In London, Winston Churchill, sharing Admiral Yamamoto’s fondness and appreciation for America and Americans, (Churchill’s mother having been American), grasped immediately what Pearl Harbor meant:
No American will think it wrong of me if I proclaim that to have the United States at our side was to me the greatest joy. I could not foretell the course of events. I do not pretend to have measured accurately the martial might of Japan, but now at this very moment I knew the United States was in the war, up to the neck and in to the death. So we had won after all! Yes, after Dunkirk; after the fall of France; after the horrible episode of Oran; after the threat of invasion, when, apart from the Air and the Navy, we were an almost unarmed people; after the deadly struggle of the U-boat war — the first Battle of the Atlantic, gained by a hand’s breadth; after seventeen months of lonely fighting and nineteen months of my responsibility in dire stress, we had won the war. England would live; Britain would live; the Commonwealth of Nations and the Empire would live. How long the war would last or in what fashion it would end, no man could tell, nor did I at this moment care. Once again in our long Island history we should emerge, however mauled or mutilated, safe and victorious. We should not be wiped out. Our history would not come to an end. We might not even have to die as individuals. Hitler’s fate was sealed. Mussolini’s fate was sealed. As for the Japanese, they would be ground to powder. All the rest was merely the proper application of overwhelming force. The British Empire, the Soviet Union, and now the United States, bound together with every scrap of their life and strength, were, according to my lights, twice or even thrice the force of their antagonists. No doubt it would take a long time. I expected terrible forfeits in the East; but all this would be merely a passing phase. United we could subdue everybody else in the world. Many disasters, immeasurable cost and tribulation lay ahead, but there was no more doubt about the end.
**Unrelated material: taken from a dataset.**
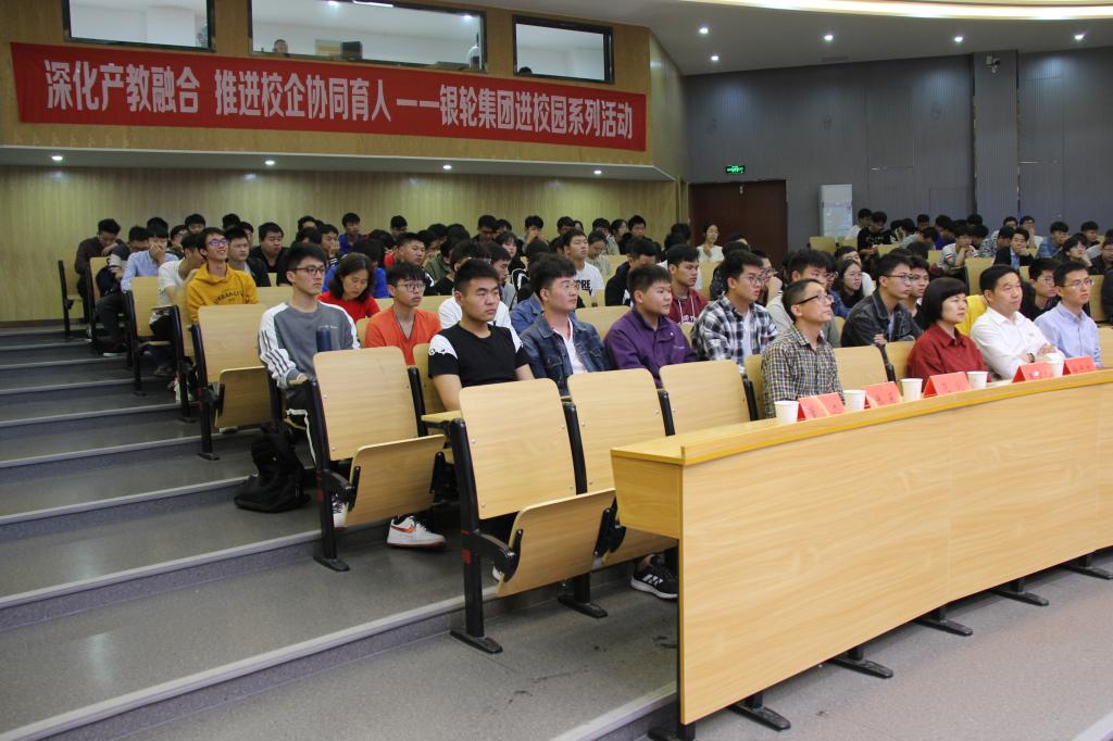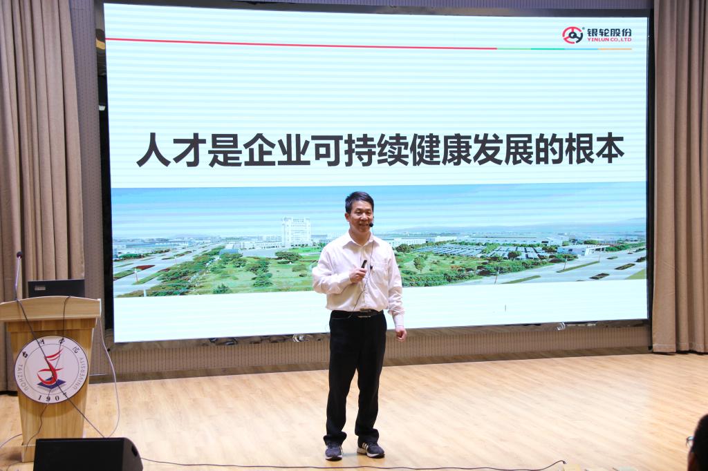 银轮集团总经理助理朱文彬以《人才是企业可持续健康发展的根本》为主题,朱文彬结合自己多年的机械工作经历,回顾了银轮集团几十年的创新发展史,展现了制造业在建设国家中所发挥的重要作用,并展望机械制造业未来发展的愿景。最后他勉励青年学子仰望星空,脚踏实地,放飞梦想,精彩绽放,为将来留下美好、充实、无悔的青春回忆,也诚邀各位毕业生能到银轮集团就业。

Silly people — and there were many, not only in enemy countries — might discount the force of the United States. Some said they were soft, others that they would never be united. They would fool around at a distance. They would never come to grips. They would never stand blood-letting. Their democracy and system of recurrent elections would paralyze their war effort. They would be just a vague blur on the horizon to friend or foe. Now we should see the weakness of this numerous but remote, wealthy, and talkative people. But I had studied the American Civil War, fought out to the last desperate inch. American blood flowed in my veins. I thought of a remark which Edward Grey had made to me more than thirty years before — that the United States is like “a gigantic boiler. Once the fire is lighted under it there is no limit to the power it can generate.” Being saturated and satiated with emotion and sensation, I went to bed and slept the sleep of the saved and thankful.”
Pearl Harbor was a tactical defeat for the US, but a strategic defeat of epic proportion for the enemies of the US, something understood seventy-four years ago today by a Japanese admiral, a British prime minister, and an eight year old boy in Paris, Illinois.